[TASK]: Would you please return only the lines from the one with "Video with a" through the last line of the records below, leaving the pictures out?

(RECORDS FOR THIS TASK)

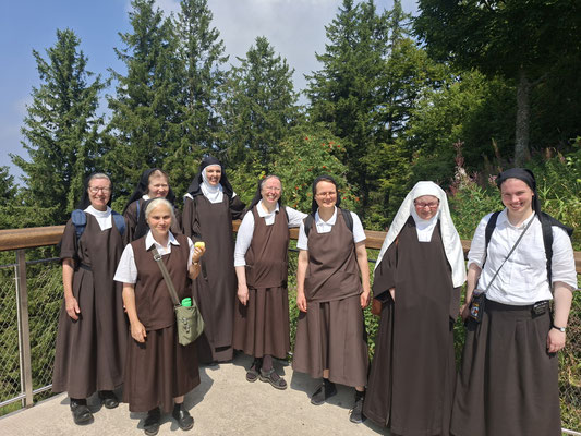 Auch der Ausflug am Samstag nach Freiburg zum Edith-Stein-Fenster im Münster, dem Kloster St. Lioba im Günstertal oder auf den Schauinsland inklusive Gondelfahrt stärkten unser Gemeinschaftsgefühl. Ergänzt wurde das Programm durch den offenen Austausch untereinander, zum Beispiel beim gemeinsamen Abendessen mit dem Konvent im Klostergarten oder kleineren Spaziergängen rund ums Kloster, sowie den Gottesdiensten am Morgen.
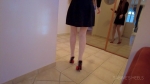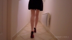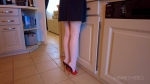 Video with a dreamy musical background where I walk at home with 6.5inch FUSS red mules and white tights.
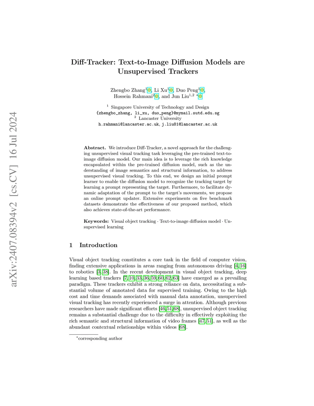 Diff-Tracker: Text-to-Image Diffusion Models are Unsupervised Trackers
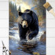 This detailed illustration features a black bear standing in a river, its strong frame surrounded by flowing water and natural elements. The contrast of the bear’s dark silhouette against the gentle river evokes the raw beauty and tranquillity of the wilderness.
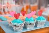 Wedding decorations with different sweets: macarons, cupcakes an
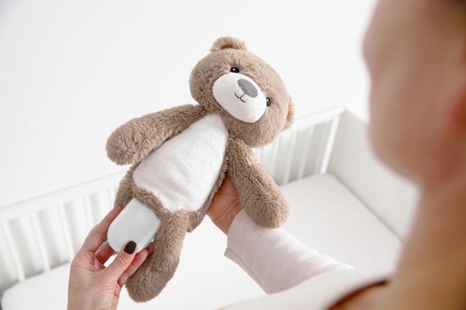 在夜晚的就寢時間,睏寶好朋友的肚子會發出舒緩的紅光,並在10分鐘後自動關閉,燈光亮度可依個人喜好調整。
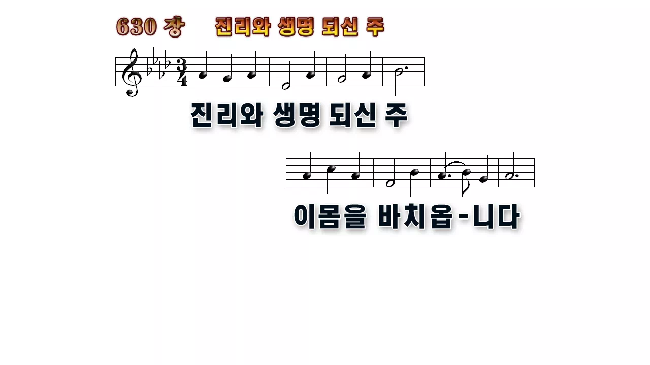 새찬송가 '630장 진리와 생명 되신 주'의 16:9 와이드버전으로 편집된 배경 없는 새찬송가 PPT악보입니다.
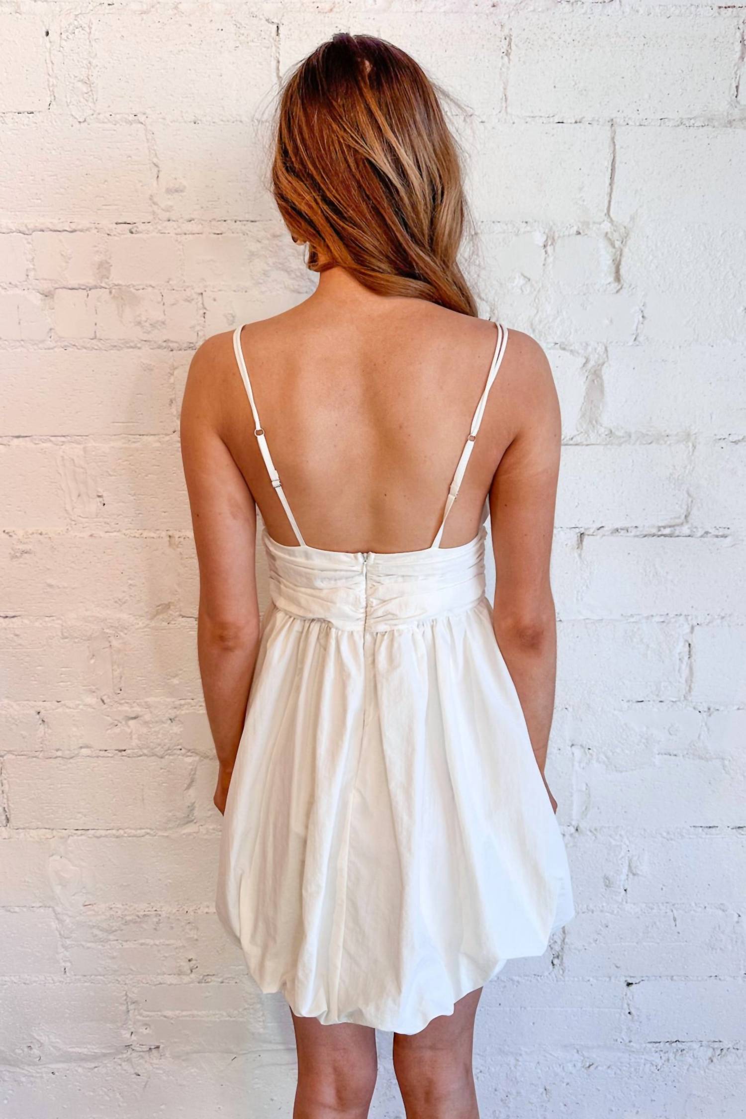 The kind of easy and flattering dress you'll be reaching for all season long. Introducing the Camille Babydoll Poplin Mini Dress by Day + Moon, a chic addition to any warm-weather wardrobe in classic solid white. Designed with spaghetti straps and a flattering A-line silhouette, this dress features a feminine V-neckline. Composition: 100% Nylon. Closure: Zip closure. Care: Hand wash cold, do not tumble dry, hang dry to maintain its breezy charm. Perfect for spring vacations, this minimalist design offers a versatile style for any occasion.

(End RECORDS FOR THIS TASK)

[RESULT OF THE TASK]:
 Video with a dreamy musical background where I walk at home with 6.5inch FUSS red mules and white tights.
 Diff-Tracker: Text-to-Image Diffusion Models are Unsupervised Trackers
 This detailed illustration features a black bear standing in a river, its strong frame surrounded by flowing water and natural elements. The contrast of the bear’s dark silhouette against the gentle river evokes the raw beauty and tranquillity of the wilderness.
 Wedding decorations with different sweets: macarons, cupcakes an
 在夜晚的就寢時間,睏寶好朋友的肚子會發出舒緩的紅光,並在10分鐘後自動關閉,燈光亮度可依個人喜好調整。
 새찬송가 '630장 진리와 생명 되신 주'의 16:9 와이드버전으로 편집된 배경 없는 새찬송가 PPT악보입니다.
 The kind of easy and flattering dress you'll be reaching for all season long. Introducing the Camille Babydoll Poplin Mini Dress by Day + Moon, a chic addition to any warm-weather wardrobe in classic solid white. Designed with spaghetti straps and a flattering A-line silhouette, this dress features a feminine V-neckline. Composition: 100% Nylon. Closure: Zip closure. Care: Hand wash cold, do not tumble dry, hang dry to maintain its breezy charm. Perfect for spring vacations, this minimalist design offers a versatile style for any occasion.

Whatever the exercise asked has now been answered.